Tak Sekadar Minyak dan Haji, Arab Saudi Juga Pusat Kebudayaan Kuno
Tim Intisari January 24, 2025 04:34 PM

Soal Arab Saudi, yang langsung teringat adalah tentang haji dan minyaknya yang melimpah. Yang banyak orang belum tahu, Arab Saudi juga menyimpan situs-situs peradaban kuno.

Artikel ini gubahan dan terjemahan dari artikel Dora Jane Hamblin, pernah tayang di Majalah Intisari edisi Desember 1983

---

Intisari hadir di WhatsApp Channel, follow dan dapatkan berita terbaru kami di sini

---

Intisari-Online.com -Bisa dibilang, modernisasi belum berusia lama di Arab Saudi. Ia baru datang sekitar tahun 70-an, seiring dengan gelombang duit yang negara gurun pasir itu.

Sejak itu, Arab Saudi tak bisa disamakan lagi dengan wajahnya yang dulu. Gedung-gedung tinggi pencakar langit bukan sesuatu yang asing lagi di situ.

Seiring dengan mengalirnya duit minyak, pendapatan per kapita penduduk Arab Saudi melonjak drastis, bahkan disebut lebih tinggi dibanding penduduk AS yang jumlahnya jauh lebih banyak.

Begitulah Arab Saudi yang kita kenal sekarang. Tiga ribu tahun yang lalu Jazirah Arab dikenal di Barat sebagai tempat yang mendatangkan kemenyan, dupa, rempah-rempah dan emas.

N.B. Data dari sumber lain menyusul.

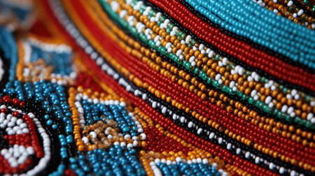 This stunning close-up showcases a beautifully detailed piece of handmade jewelry featuring an array of colorful stones and intricate bead patterns, highlighting creativity and cultural significance.
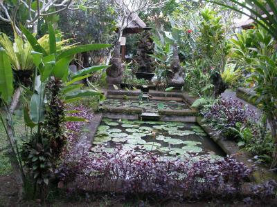 運河沿いの家をいくつか繋げてホテルにしてあり、中庭にはアートギャラリーと銘打った一角にモダンアートが並んでます。
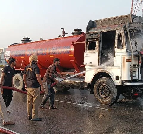 फगवाड़ा के पास एसिड से भरे टैंकर में आग लगने से ड्राइवर की सतर्कता से बड़ा हादसा टल गया
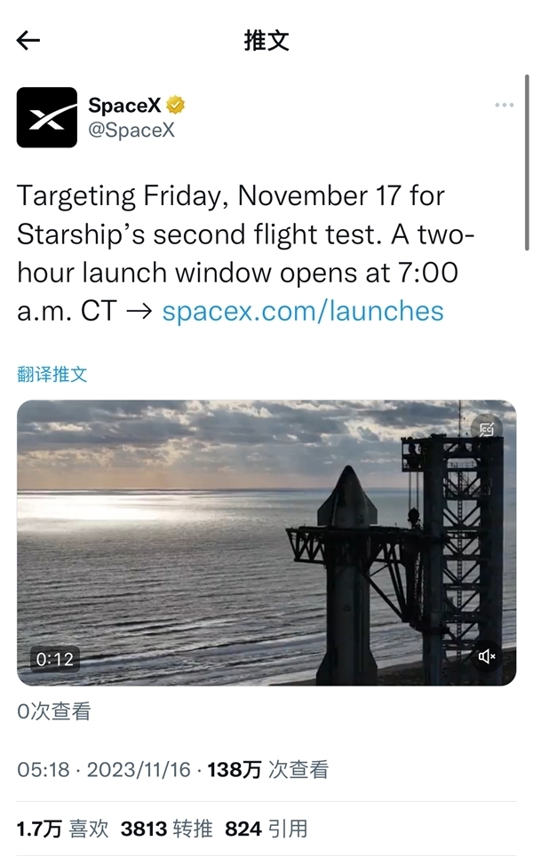 SpaceX同时宣布,计划于当地时间11月17日进行“星舰”的第二次发射,发射窗口将于美国中部时间上午7点(北京时间21点)开始,持续两个小时,当地居民可能会在火箭升空过程中听到巨大的噪音。

Kemudian perdagangan mati akibat runtuhnya kerajaan-kerajaan di Barat. Agama Islam, tempat-tempat suci, dan jalan yang ditempuh oleh orang yang datang ke tempat sucilah yang menyelamatkan Arab dari kemusnahan pada abad ke-7.

Beberapa jalan bekas caravan menjadi jalan untuk haji dan kota-kota yang merana pun hidup kembali. Perubahan dramatis baru terjadi lagi ketika minyak ditemukan pada tahun 1930-an.

Berlainan dengan dugaan banyak orang, Semenanjung Arab tidak hanya terdiri atas padang pasir yang tidak nampak ujungnya. la mempunyai pegunungan yang tingginya 3.000 meter, beberapa sungai kecil, dan beberapa oase.

Namun sebagian besar memang gurun, sih.

Dalam penggalian-penggalian arkeologis yang mulai dilakukan pada 1960-an, diketahui bahwa Semenanjung Arab itu tadinya bukanlah gurun yang tidak berpenghuni.

Para arkeolog menemukan kota-kota yang mempunyai dinding pelindung, menara, istana yang megah dengan lukisan dinding dan juga tempat-tempat pemujaan para dewa yang kini sudah terlupakan.

Bendungan-bendungan yang kokoh, yang memiliki jaringan saluran irigasi dan terusan untuk mengairi ladang gandum, untuk tempat minum domba-domba dan untuk melayani kebutuhan caravan tampak memotong sungai-sungai yang sekarang kering.

Mereka juga menemukan berton-ton peralatan manusia zaman batu dan ribuan lukisan pemburu serta binatang buruannya di tempat-tempat yang pada zaman Pleistosen merupakan danau-danau.

Mengapa Arab Saudi baru diteliti sekarang, sedangkan rahasia Mesopotamia, Lembah Indus, Mesir, dan Israel sudah terungkap lama?

Rupanya para arkeolog teralang oleh gurun yang luas, juga kekurangan jalan maupun landasan terbang dan air. Baru setelah uang hasil minyak mengalir masuk, Arab Saudi menemukan dirinya sendiri.

"Kami hampir ketinggalan," kata seorang arkeolog Saudi.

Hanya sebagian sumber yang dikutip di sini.